Decomposition Of P-nitrophenol In Water By Adsorption-ozonation Process

Adsorption-ozonation process is one of the advanced oxidation processes for wastewater treatment, which consists of adsorption and ozonation processes. The toxic and bio-refractory pollutant p-nitrophenol (PNP) widely exists in wastewaters, such as chemicals, pesticides and dyes wastewaters. In the present study, Activated Carbon Fiber (ACF) is chosen as an adsorbent during the treatment of PNP wastewater using the adsorption-ozonation process. The effects of some operational parameters on PNP degradation, the reaction mechanisms, and reaction kinetic models are investigated. Lastly, SEM, XRD, N2 adsorption isotherm, pHpzc, Zeta-potential, Boehm titration and FT-IR are used to characteristics the changes of the function groups existed on the surface of ACF, microcrystalline configuration, aperture and hole's configuration before and after adsorption-ozonation treatment.
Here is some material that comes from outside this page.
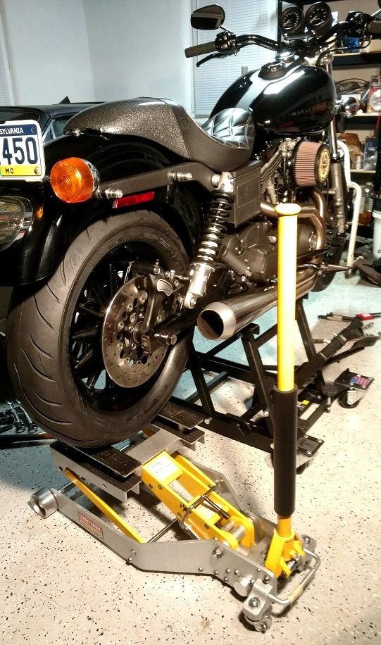 This is a great idea, Chris! Whether front wheel or back, I always lift the bike on the J&S lift, then I use my old Sears jack to raise and lower the wheel. It keeps both hands free, and it's easy to make small adjustments with the jack.

The experiment was divided into three parts:(1) The adsorption characteristics of PNP by ACF in waste water were investigated. Based on the static state adsorption technique, the adsorption thermodynamics and adsorption kinetics characteristics of PNP on ACF were also studied. The result showed that isotherm adsorption of PNP was best described by Freundlich and Dubinin-Radushkevich equations. The wastewater, with the initial PNP concentration of 100mg/L, can meet the national discharge standard for wastewater after ACF adsorption treatment.(2) By investigating the effects of operational parameters on PNP degradation efficiency, the decomposition of PNP on ACF by ozonation was studied. This part included the study of operational parameters on its decomposition, kinetics and mechanisms through adsorption-ozonation.(3) ACF Characteristics:The surface morphology and microlitic structure were characterized with the help of SEM photos and XRD. The N2 adsorption-desorption analysis was used to investigate the changes of the specific surface area and the pore size distribution of ACF before and after treatment. The BET equation and BJH/DFT methods were also used to estimate the surface area and pore size distribution. The pHpzc, Zeta-potential, Boehm titration and FT-IR were employed to investigate the surface chemical properties.